Exercise objective → Could you transcribe exactly the lines from the one containing "锂精矿的持续跳涨直接推动碳酸" through the end of the listing below, both included, but none of the pictures?

Given material →
——

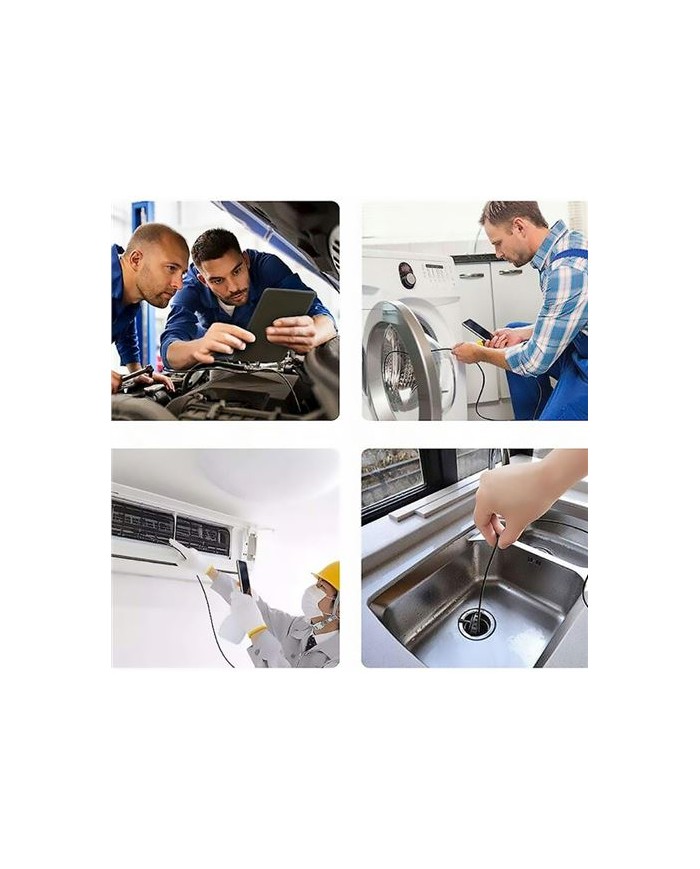 Cámara ENDOSCOPIO UNIVERSAL Un endoscopio en un cable flexible con calidad de imagen de 1920x1080p y una lente grande de 8 mm es un producto que se utilizar al realizar tareas domsticas y durante el trabajo profesional especializado. El dispositivo es muy cmodo de usar. Simplemente descargue la aplicacin gratuita a su telfono y conecte el endoscopio a su telfono inteligente y la Cámara comenzar a transmitir imgenes. Tambin puede conectar el endoscopio a su computadora y observar todo en la pantalla grande!RESISTENTE A CONDICIONES EXTREMAS El endoscopio est equipado con una lente ms grande de 8 mm, que cubre la imagen con mayor precisin que los modelos con una Cámara de dimetro ms pequeo. El dispositivo es completamente impermeable (IP68), por lo
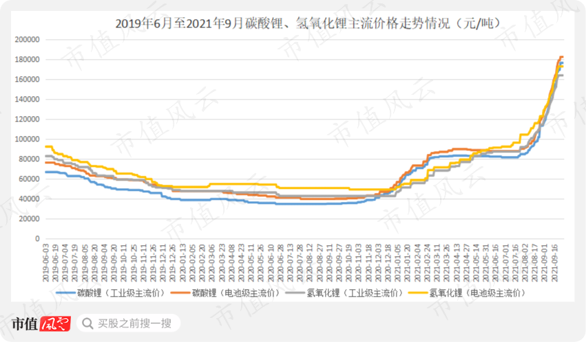 锂精矿的持续跳涨直接推动碳酸锂、氢氧化锂价格的上涨,9月底国产电池级碳酸锂、电池级氢氧化锂最新报价分别达18.3万元/吨、17.5万元/吨,2021年三季度末环比二季度末涨幅分别达110%、90%。
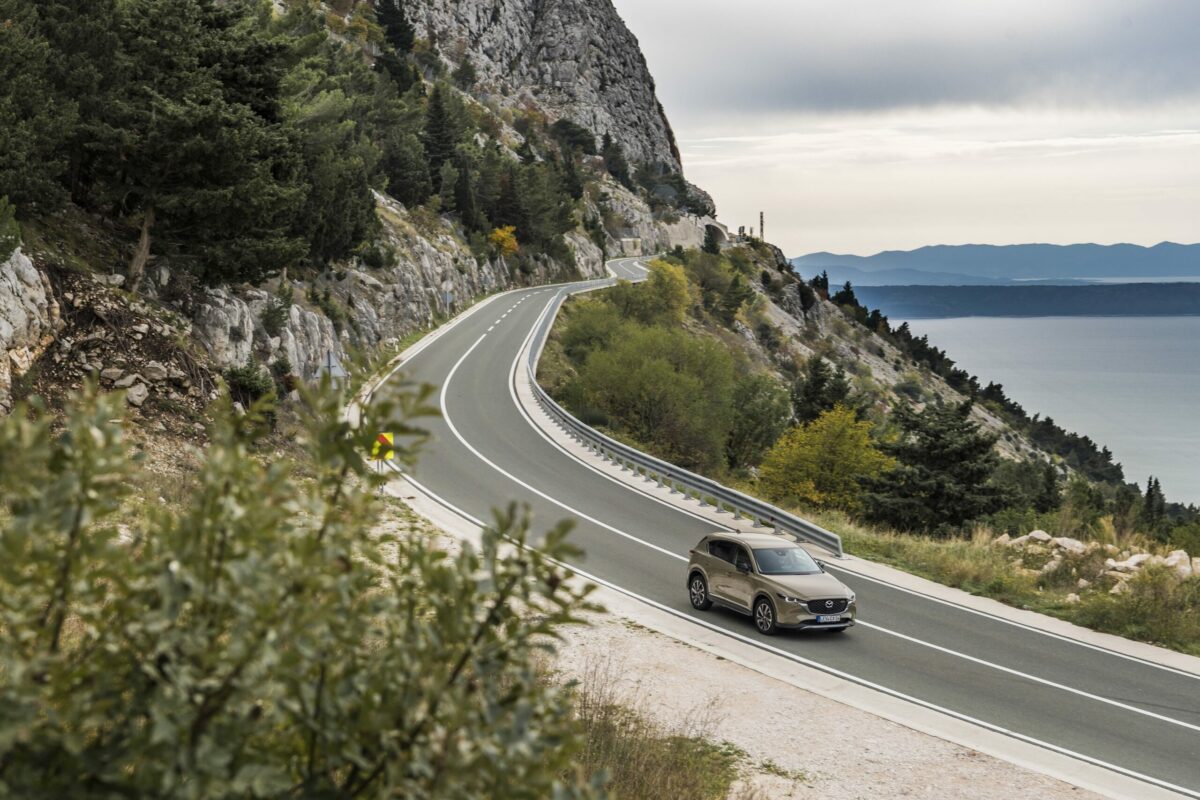 Inițial, m-a îngrijorat acest viraj spre confort, care prevestea o ușoară limitare a dinamicii pe porțiunile sinuoase. Însă după primele câteva succesiuni de curbe, m-am relaxat. Inginerii au compensat noile reglaje cu sistemul G-Vectoring Control + (GVC+), care ține mașina pe trasă mai ceva ca trenul pe șine. Surprinzător, suspensia mai moale pare că îl ”plantează” mai bine pe CX-5 model 2022 pe șoselele denivelate, roțile păstrând mai corect contactul cu asfaltul.

——

Problem solution →
 锂精矿的持续跳涨直接推动碳酸锂、氢氧化锂价格的上涨,9月底国产电池级碳酸锂、电池级氢氧化锂最新报价分别达18.3万元/吨、17.5万元/吨,2021年三季度末环比二季度末涨幅分别达110%、90%。
 Inițial, m-a îngrijorat acest viraj spre confort, care prevestea o ușoară limitare a dinamicii pe porțiunile sinuoase. Însă după primele câteva succesiuni de curbe, m-am relaxat. Inginerii au compensat noile reglaje cu sistemul G-Vectoring Control + (GVC+), care ține mașina pe trasă mai ceva ca trenul pe șine. Surprinzător, suspensia mai moale pare că îl ”plantează” mai bine pe CX-5 model 2022 pe șoselele denivelate, roțile păstrând mai corect contactul cu asfaltul.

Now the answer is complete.